Location: Bioenergy ResearchTitle: Hydrothermal pretreatment of sugarcane bagasse using response surface methodology improves digestibility and ethanol production by SSF) Author
Submitted to: Journal of Microbiology and Biotechnology
Publication Type: Peer Reviewed Journal
Publication Acceptance Date: 10/24/2011
Publication Date: 11/12/2011
Citation: da Cruz, S.H., Dien, B.S., Nichols, N.N., Saha, B.C., Cotta, M.A. 2012. Hydrothermal pretreatment of sugarcane bagasse using response surface methodology improves digestibility and ethanol production by SSF. Journal of Industrial Microbiology and Biotechnology. 39:439-447. Interpretive Summary: Sugar bagasse is the discarded stalks generated once sugar is removed from sugarcane. Brazilian sugar and ethanol producers currently burn the bagasse to generate steam to run their process. It should be possible to convert it also to ethanol because more sugarcane bagasse is collected than needed for steam production. In this paper, a process was evaluated for converting sugarcane bagasse into ethanol. The biomass was treated with liquid hot-water as a pretreatment in order to open up the stalks and expose the carbohydrates. The pretreated biomass was next mixed with enzymes that convert the carbohydrates into simple sugars and a yeast that ferments these sugars into ethanol. The yeast used in this study was especially suited for these types of fermentations because it gives higher ethanol yields compared to industrial yeast strains; it was developed by National Center for Agricultural Utilization Research (NCAUR) scientists. The ethanol yield per gram of sugarcane bagasse was evaluated for varying pretreatment conditions and a statistical approach was applied to determine the optimal reaction conditions. One problem when biomass is pretreated with hot water is that chemicals are formed during the reaction that inhibits the yeast fermentation. This potential problem was avoided by measuring inhibitor concentrations and ensuring the pretreatment condition selected did not generate excess amounts of these chemicals. We also used a novel method developed by NCAUR scientists that is able to remove these inhibitors prior to fermentation. The optimal pretreatment selected was treating bagasse at 190 deg C for 17.2 min. This paper will be of interest to sugarcane refiners throughout the world and of general interest to those interested in commercializing cellulosic ethanol.
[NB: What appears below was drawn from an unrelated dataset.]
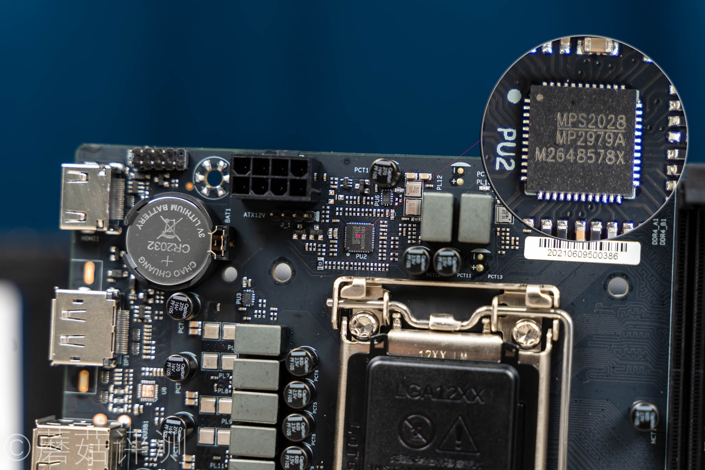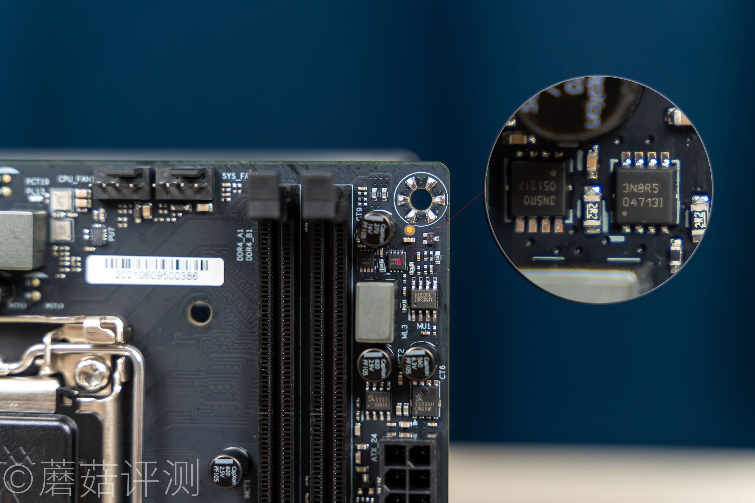 ▼主板的左上角有一相内存供电,中规中矩。

Technical Abstract: Sugarcane bagasse was characterized as a feedstock for production of ethanol using hydrothermal pretreatment. Reaction temperature and time were varied between 160-200 deg C and 5-20 min, respectively, using a response surface experimental design. The liquid fraction was analyzed for soluble carbohydrates and furan aldehydes. The solid fraction was analyzed for structural carbohydrates and Klason lignin. Pretreatment conditions were evaluated based upon enzymatic extraction of glucose and xylose and conversion to ethanol using a simultaneous saccharification and fermentation scheme. The severity of the pretreatment should be sufficient to drive enzymatic digestion and ethanol yields, however, sugar losses and especially sugar conversion into furans needs to be minimized. As expected, furfural production increased with pretreatment severity and specifically xylose release. However, provided that the severity was kept below a general severity factor of 4.0, production of furfural was below an inhibitory concentration and carbohydrate contents were preserved in the pretreated whole hydrolysate. There were significant interactions between time and temperature for all the responses except cellulose digestion. The models were highly predictive for cellulose digestibility (r**2=0.8737) and for ethanol production (r**2=0.9632), but less so for xylose extraction. Both cellulose digestion and ethanol production increased with severity, however, high levels of furfural generated under more severe pretreatment conditions favor lower severity pretreatments. The optimal pretreatment condition that gave the highest conversion yield of ethanol, while minimizing furfural production, was judged to be 190 deg C and 17.2 min.